Over the next few years, I learned something about myself as a trainer: I am never comfortable with opening a class. Indeed, I’m usually unsure of what to say first. It seems that over time, I would have developed a customary opening, but I never did. This may be because I like to think that one of the charming aspects of my training sessions are my “off-the-cuff” interactions with participants. A canned opening just never made its way into my bag of training tricks. So despite the fact that by most accounts I am a good trainer, I have never been comfortable breaking the ice.
Fast forward to the summer of 2011 to when I was teaching a graduate class about how to facilitate adult groups. I spent a good bit of time in that course discussing ice breakers and how to open an adult group process or meeting. Yet, I was still uncomfortable doing it myself.

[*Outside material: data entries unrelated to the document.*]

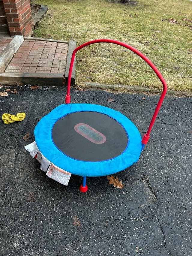 Get ready to bounce with this Little Tikes trampoline, perfect for toddlers and young children to burn off some energy indoors or outdoors! This trampoline has seen some action. It's in used condition, but still offers plenty of fun and safe bouncing. The safety bar provides extra stability for little ones as they jump. Brand: Little Tikes. Weight Limit: Up to 55 lbs. Recommended Age: 3-6 years. Cash accepted.
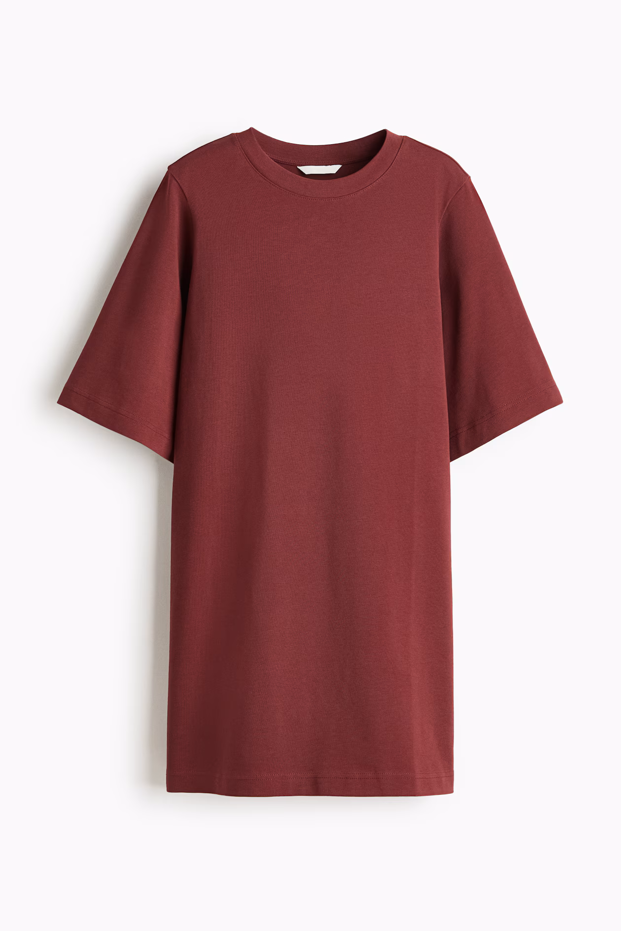 Short T-shirt dress in soft cotton jersey. Ribbed crew neck, gently dropped shoulders, and elbow-length sleeves.
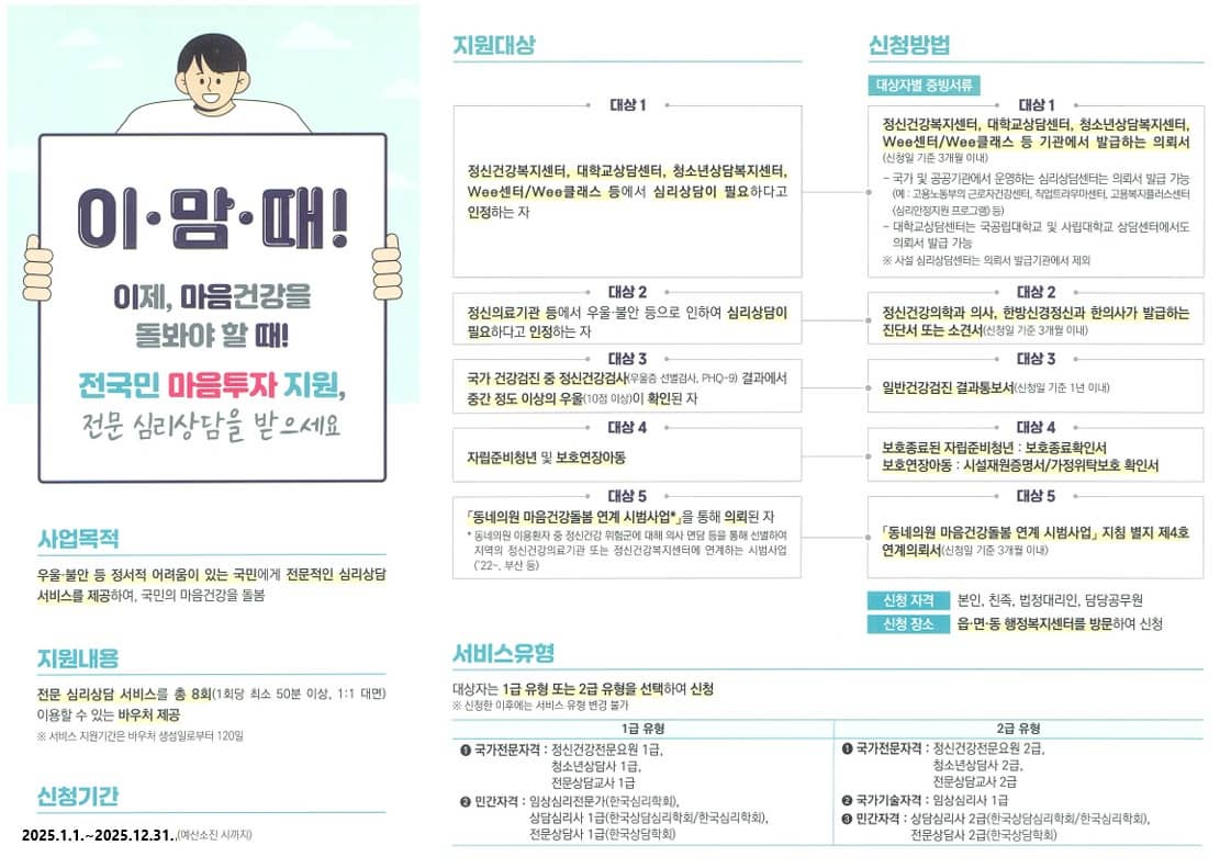 이 사업은 단순히 상담을 제공하는 것을 넘어, 마음 건강의 중요성을 사회적으로 알리고 국민 모두가 쉽게 심리 상담을 받을 수 있는 환경을 조성하는 데 기여하고 있습니다.
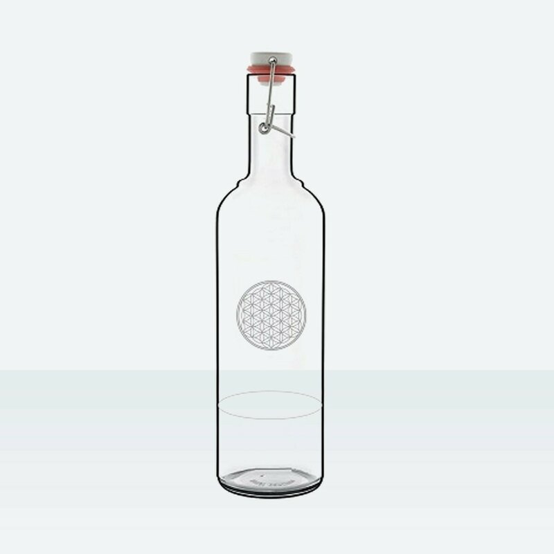 Sticla transparenta din cristal, de inalta calitate, este groasa si garantat fara plumb. Acest produs este creat de sticlarul Luigi Bormioli. Aceasta sticla este personalizata cu un nivel de umplere de 25% pentru a facilita tranzitia de la hipertonic la izotonic, precum si o floare a vietii pentru a energiza apa de mare izotonica. Floarea vietii este o imagine geometrica considerata sacra, avand o multime de beneficii, datorita fortei sale vibratorii si energetice. Este indicata armonizarea apei de mare si mentinerea ritmului vibratoriu ridicat al acesteia. Utilizati de preferinta apa de izvor sau osmoza pentru a va prepara amestecul. In caz contrar, apa minerala imbuteliata trebuie sa aiba un numar de reziduuri uscate mai mic de 100 mg/L
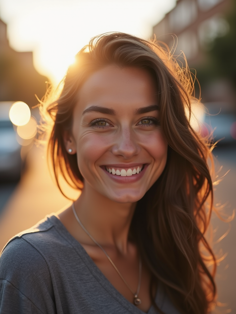 headshot of smiling model wearing casual clothes posing for dating app headshot. outdoor blurry background. the lighting is warm, possibly from a setting sun, creating a soft glow around him, enhancing the casual and relaxed vibe of the image. the setting seems to be outdoors, likely in an urban environment, with the blurred background hinting at a street or park-like area. this image likely portrays a youthful, active, and approachable individual, possibly in a lifestyle or fashion-related context.
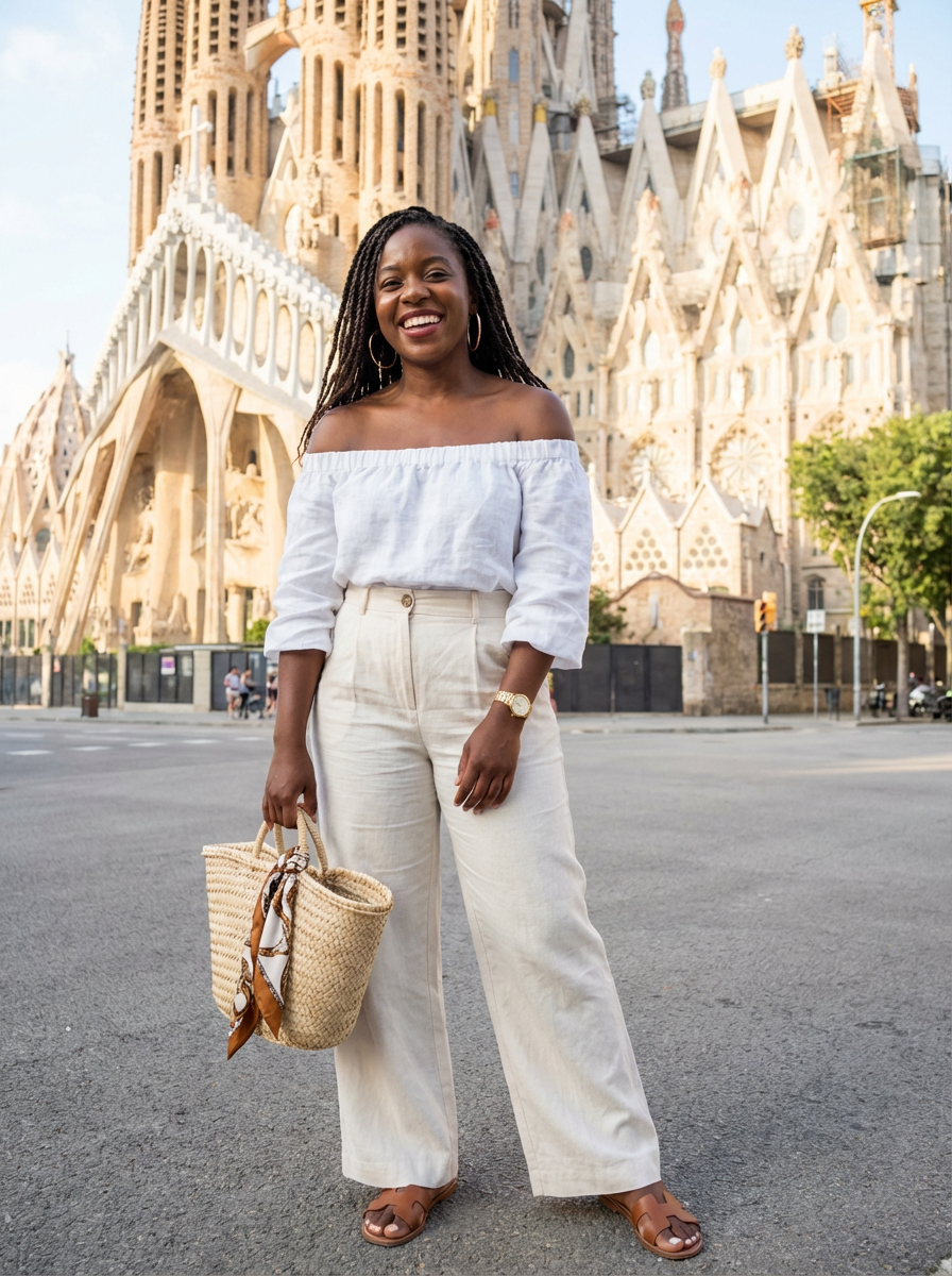 stylish and chic model in Barcelona wearing a stylish summer outfit, La Sagrada Família in the background
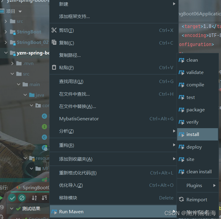 <dependency> <groupId>org.springframework.boot</groupId> <artifactId>spring-boot-configuration-processor</artifactId> <optional>true</optional> </dependency><plugin> <groupId>org.springframework.boot</groupId> <artifactId>spring-boot-maven-plugin</artifactId> <version>2.4.1</version> <configuration> <classifier>exec</classifier> </configuration> </plugin>9.右键该启动器并且install
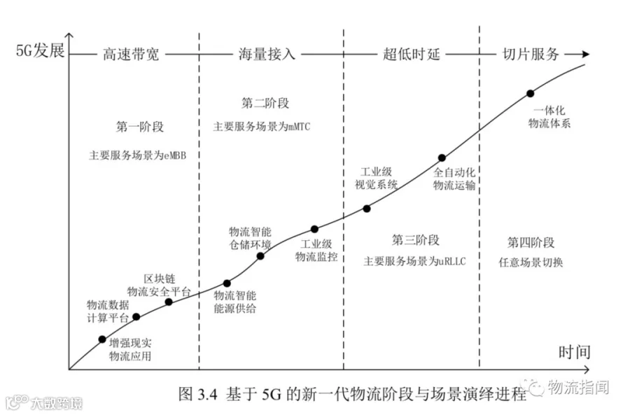 本节将具体介绍5G与新一代物流结合的场景,并分析5G对于这些场景形成的优势,这些场景有些将随着5G的商用会立即实现,有些可能需要在5G推广后期才能实现,因此基于5G的新一代物流发展也是循序渐进的,不是一蹴而就的,具体演绎的过程如下图3.4。
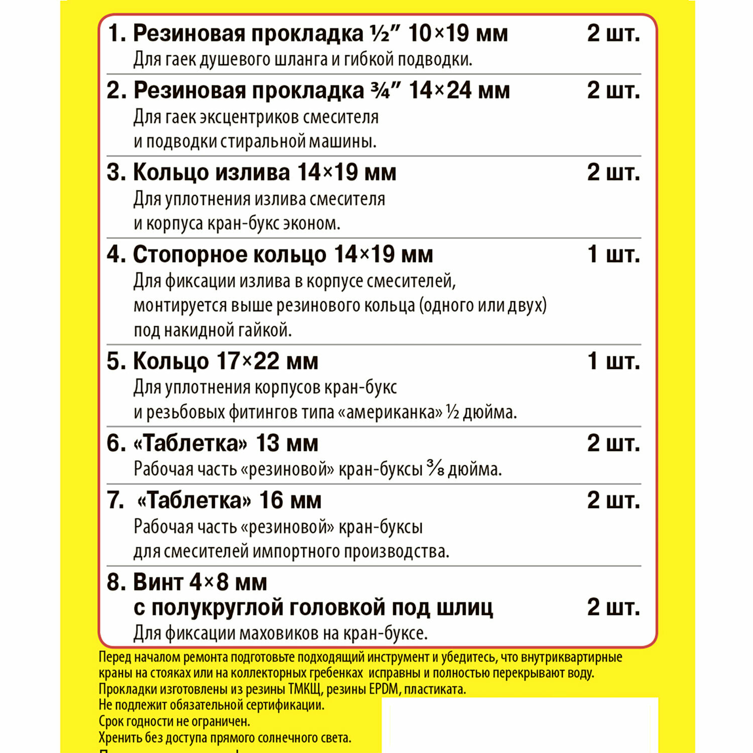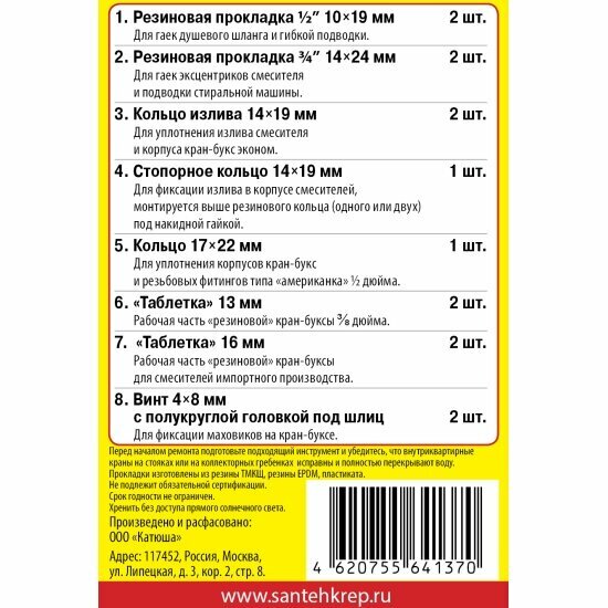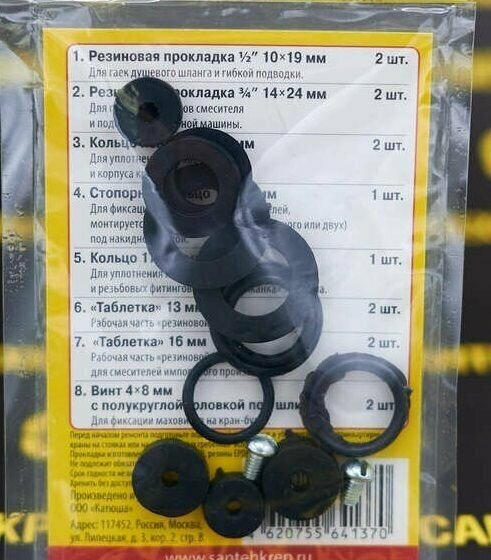 Сантехник №5 набор прокладок для ремонта смесителей ванной комнаты и кухни интересное:
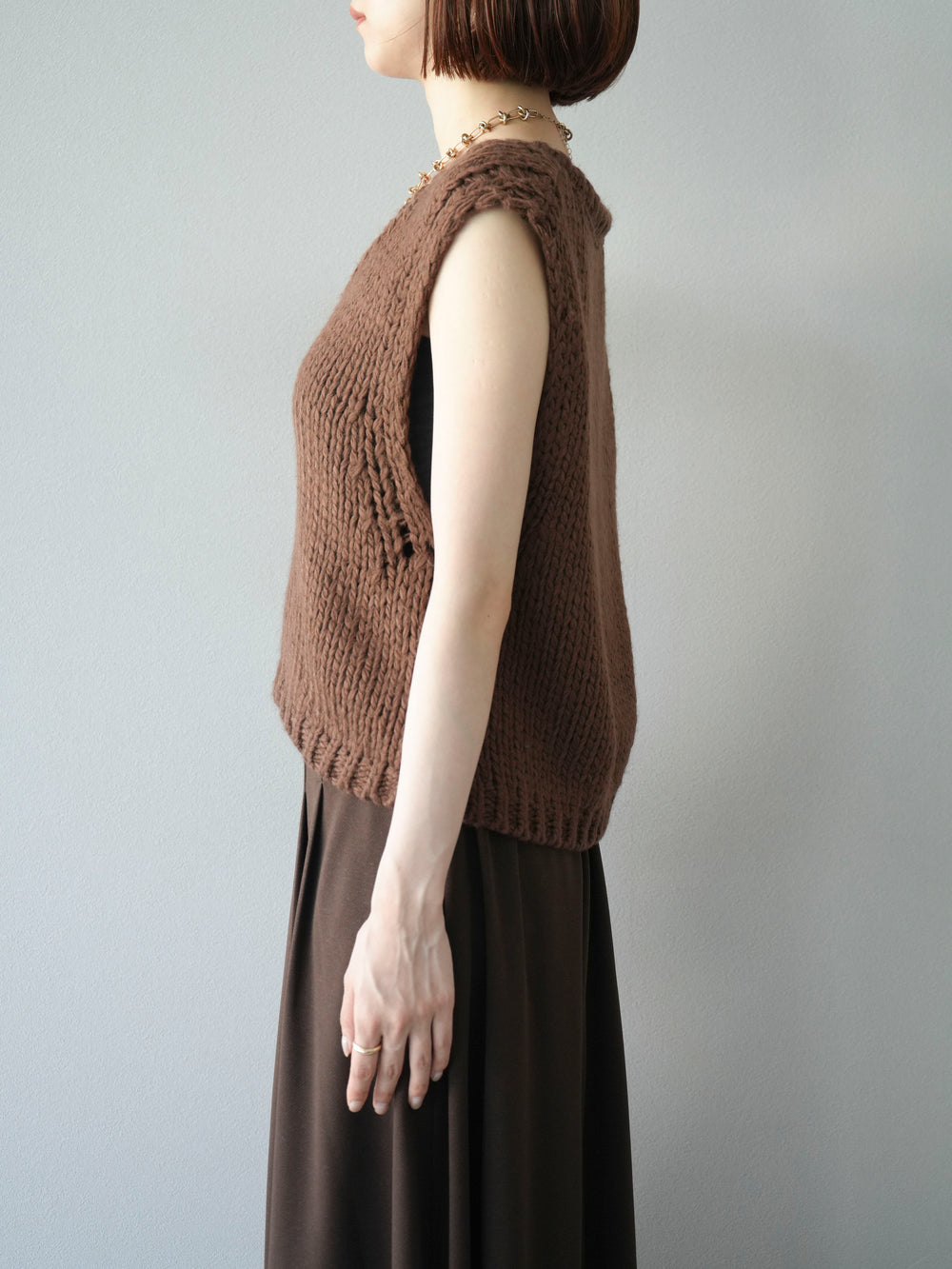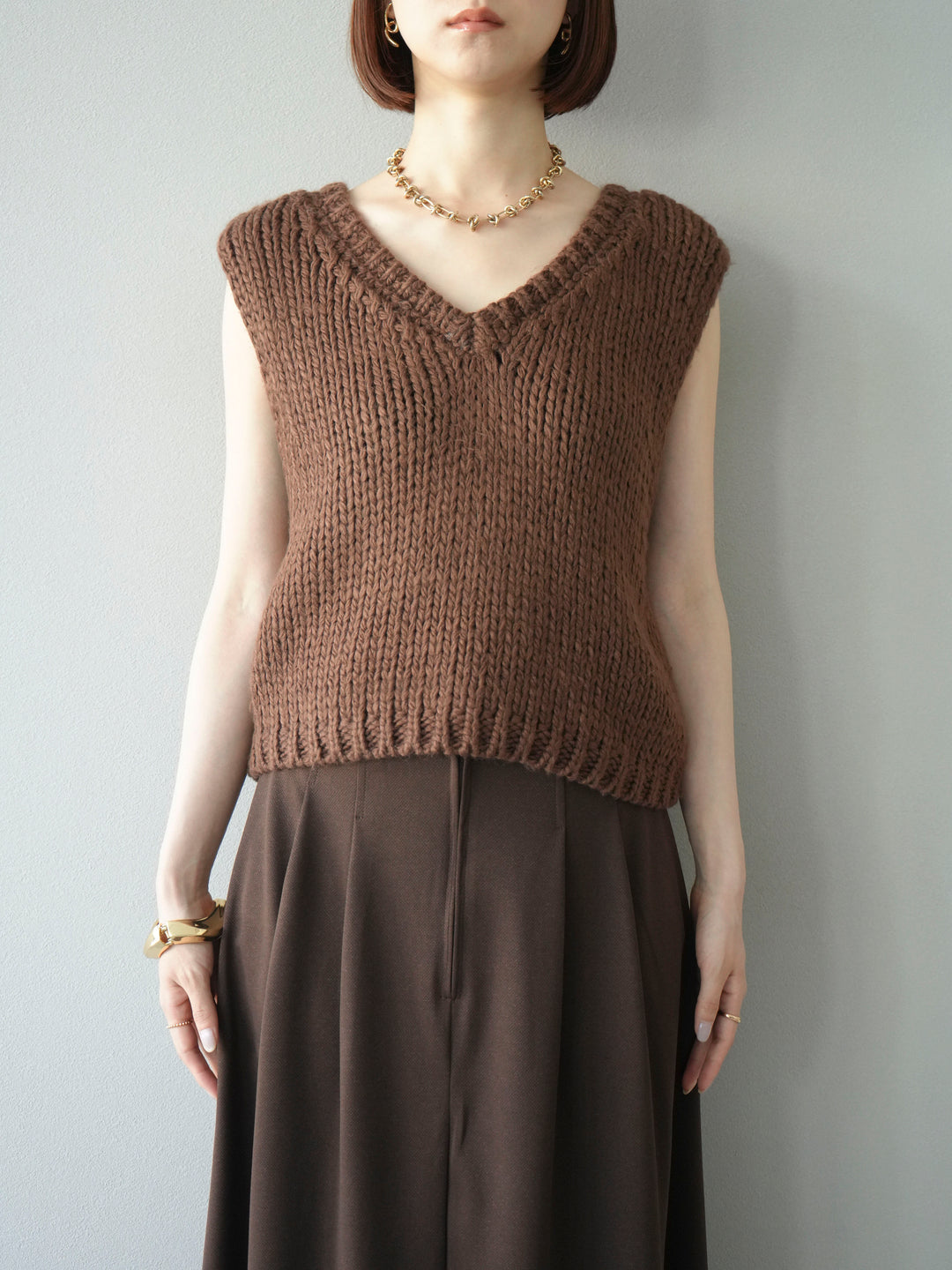 [予約]ロービングVネックショートニットベスト/ブラウン

In fact, opening a class proved a stumbling block just three days ago when I was teaching one of my undergraduate classes. I started the class three minutes late because I just wasn’t sure what I wanted to be my first words. Ironically, near the end of the class, I taught them the “two truths, one lie” ice breaker as a tool for getting to know their group members for the class project.
And so it is with my first contribution to ASTD’s Higher Education Blog—breaking the ice is hard.
This is my first blog post and I am not sure what to write. Essentially, how should I break the ice with readers? I finally decided to do just as I do with my classes: just jump in and hope that I don’t embarrass myself with the first tentative thoughts that leave my lips (or fingers, as is the case in typing this post).
These days, my class openings typically run along the lives of, “So, how was your weekend?” or “How is everyone tonight?” My students rarely answer me after I utter my first words. However, by the time I ask them again in a louder (more assertive) voice, with a big smile on my face, the ice has not only been broken, but I’m ready to string together coherent sentences on my quest to make them love HRD as much as I do.
“So, blog readers, how is everyone doing today?” :) (Consider the ice broken.)